The partner will build capacity of MSM-led local NGOs and MSM social support groups.
The partner will support reduction of stigma and discrimination in health care settings and in the community through sensitization training on MSM-specific issues and health needs for health care providers, PAC staff and local stakeholders.
Scale up MMT service delivery in the most cost efficient manner possible in collaboration with MOH (VAAC and other related departments), provincial People's Committee and provincial health service (PHS). Pilot service provision models and evaluate the effectiveness, cost efficiency and sustainability of each model to prepare for Vietnamese Government to invest in the Methadone treatment service system, including satellite dispensing, co-payment, and integrated in ARV out-patient clinics models. Based on similar QI approaches developed in other prevention, care and treatment interventions develop a tool for improved MMT implementation at the district and provincial levels to add to existing quality improvement tools (QI). Conduct an evaluation of the methadone program in Vietnam to inform programming decision. Findings from the evaluation will support program planning and decision making and will provide evidence in support of effective program elements to Vietnamese policy makers and health authorities.
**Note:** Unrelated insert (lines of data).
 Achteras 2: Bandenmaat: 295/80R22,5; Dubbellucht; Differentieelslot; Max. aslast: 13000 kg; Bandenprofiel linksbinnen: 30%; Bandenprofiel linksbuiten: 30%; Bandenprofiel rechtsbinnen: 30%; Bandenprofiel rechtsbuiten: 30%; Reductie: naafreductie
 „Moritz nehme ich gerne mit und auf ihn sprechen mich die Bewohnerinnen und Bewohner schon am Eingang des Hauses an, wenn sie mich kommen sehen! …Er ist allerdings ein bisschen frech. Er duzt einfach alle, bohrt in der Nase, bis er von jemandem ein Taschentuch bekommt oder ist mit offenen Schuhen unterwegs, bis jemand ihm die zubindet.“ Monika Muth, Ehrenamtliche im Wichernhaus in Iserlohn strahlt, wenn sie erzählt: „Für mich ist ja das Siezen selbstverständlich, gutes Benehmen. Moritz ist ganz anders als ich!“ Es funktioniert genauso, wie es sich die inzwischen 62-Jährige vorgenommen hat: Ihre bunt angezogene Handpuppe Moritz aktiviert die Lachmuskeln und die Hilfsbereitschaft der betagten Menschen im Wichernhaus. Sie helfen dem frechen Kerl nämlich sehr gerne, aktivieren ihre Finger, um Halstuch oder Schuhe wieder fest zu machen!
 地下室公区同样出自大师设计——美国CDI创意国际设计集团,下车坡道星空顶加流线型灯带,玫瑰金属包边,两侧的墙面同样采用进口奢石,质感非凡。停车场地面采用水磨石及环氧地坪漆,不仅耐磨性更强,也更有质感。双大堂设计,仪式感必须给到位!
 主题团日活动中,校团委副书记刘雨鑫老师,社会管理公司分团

This evaluation will determine whether and which model of interventions of the scale up of methadone program for Vietnamese IDUs should be replicated nation-wide in expanded settings based on cost effectiveness, observed outcomes on HIV status, adherence to HIV treatment regimens, continued drug injection, sharing of injecting equipment, engagement in criminal activity, and enhanced quality of life, compared with costs of providing methadone treatment. The partner will increase drug users' access to services, as well as to sterile injecting equipment, condoms, and behavior change communication (BCC) aimed at preventing HIV transmission. The partner will encourage and facilitate access for clients to HTC and drug dependence treatment, especially MMT. The partner may procure, and will distribute, clean needles and syringes through a variety of innovative and traditional channels (including outreach, vouchers, pharmacists, tea/snack shops, fixed boxes, fixed sites, and secondary distribution) in accordance with results of an NSP needs assessment to determine procurement and distributions needs throughout the country. In partnership with Chemonics, the TBD partner will provide vocational training with a focus on improving employment opportunities for methadone clients. The partner will incorporate strategies around prevention of sexual transmission among IDUs and their sexual partners.
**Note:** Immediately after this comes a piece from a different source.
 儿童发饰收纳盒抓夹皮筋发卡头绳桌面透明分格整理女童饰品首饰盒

Continue to support PMTCT services in existing sites where also supports adult and pediatric care and treatment services in a family-centered model, focus on integrating PMTCT services into MCH and RH services and strengthening these services to serve for most-at-risk women.
Improve women's access to PMTCT services by strengthening MCH/RH services and by supporting the development of strong referral links between PMTCT services at the commune and district levels, district pre-natal and pediatric clinics, and district HIV outpatient clinics.
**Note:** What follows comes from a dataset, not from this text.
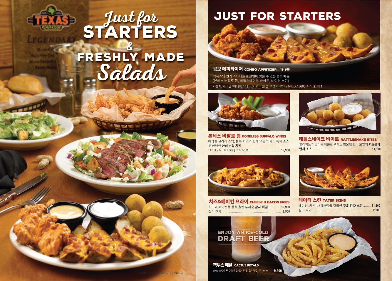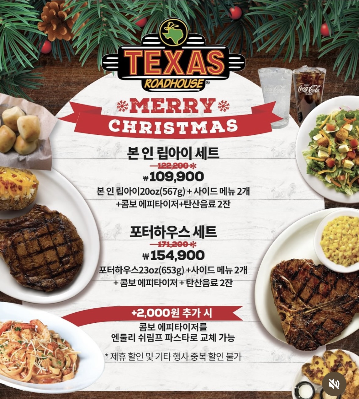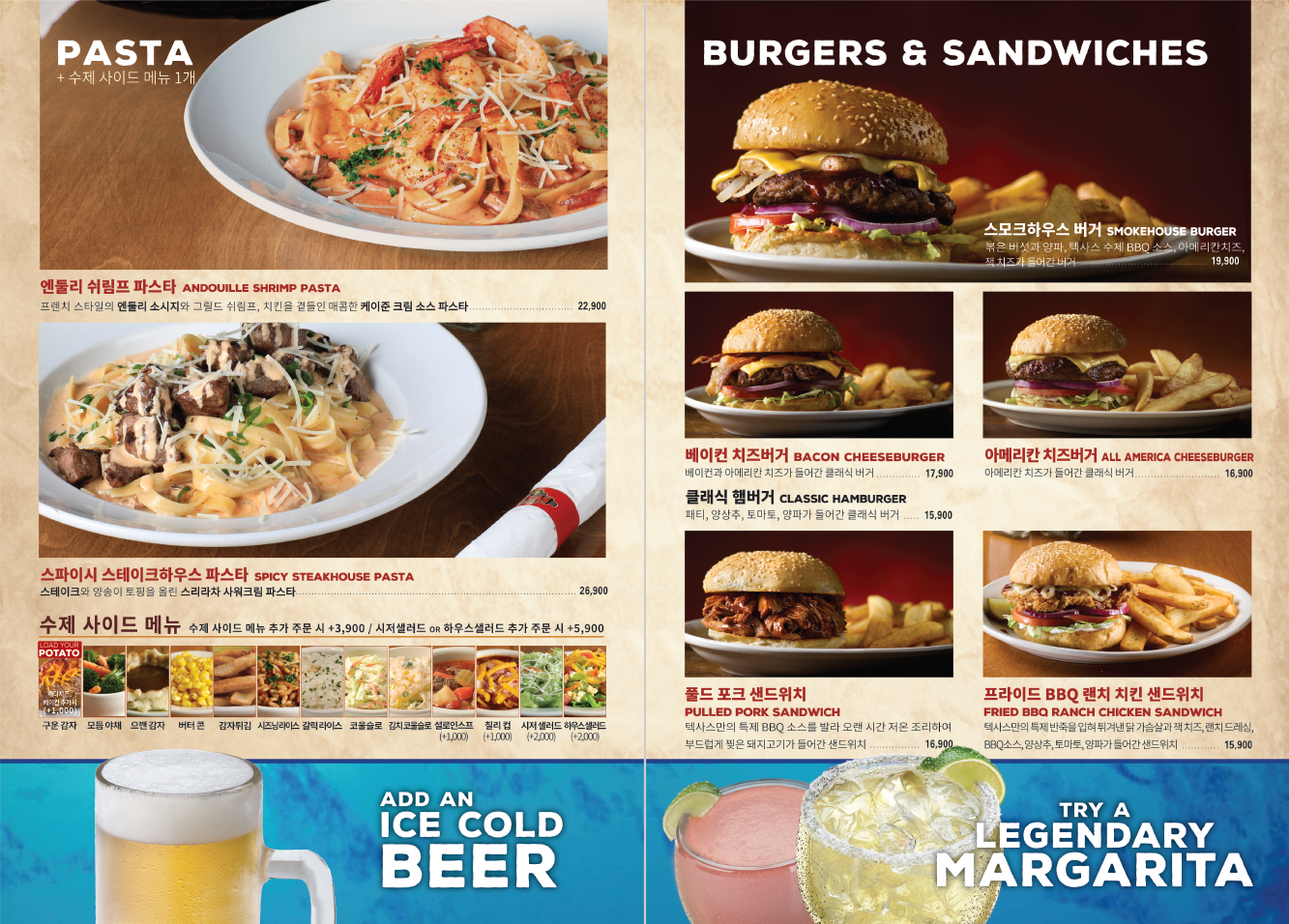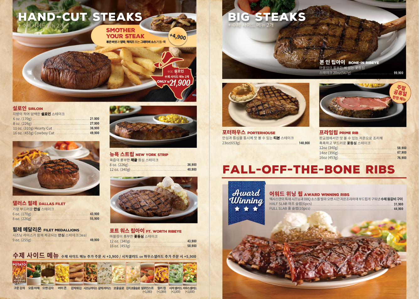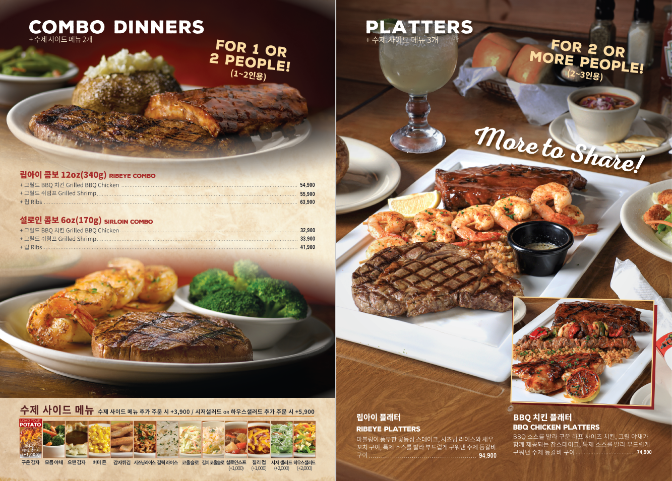 텍사스로드하우스에서는 메인 메뉴당 2개의 사이드메뉴 선택이 가능합니다.
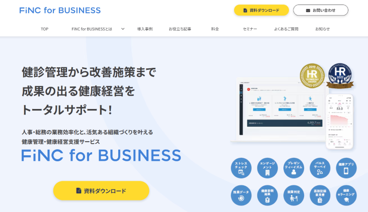 FiNC for BUSINESSは、大企業を中心に320社以上の導入実績をもつ、産業保健業務の効率化と社員の健康行動をサポートするクラウド型のソフトです。

Integrate counseling and testing into pre-natal clinics through the RH and MCH networks, and among mobile teams providing counseling and testing in some hotspot communes in provinces such as Dien Bien and 'hot spot' districts and communes, where the HIV epidemic is generalized.
Sustain the response by building the capacity of local MCH/RH public and private institutions.
Continue to support improved management of HIV-TB co-infection by supporting and funding TB screening and referral, improving coordination of TB and HIV services at the province and district, and, capacity building for TB and HIV clinicians.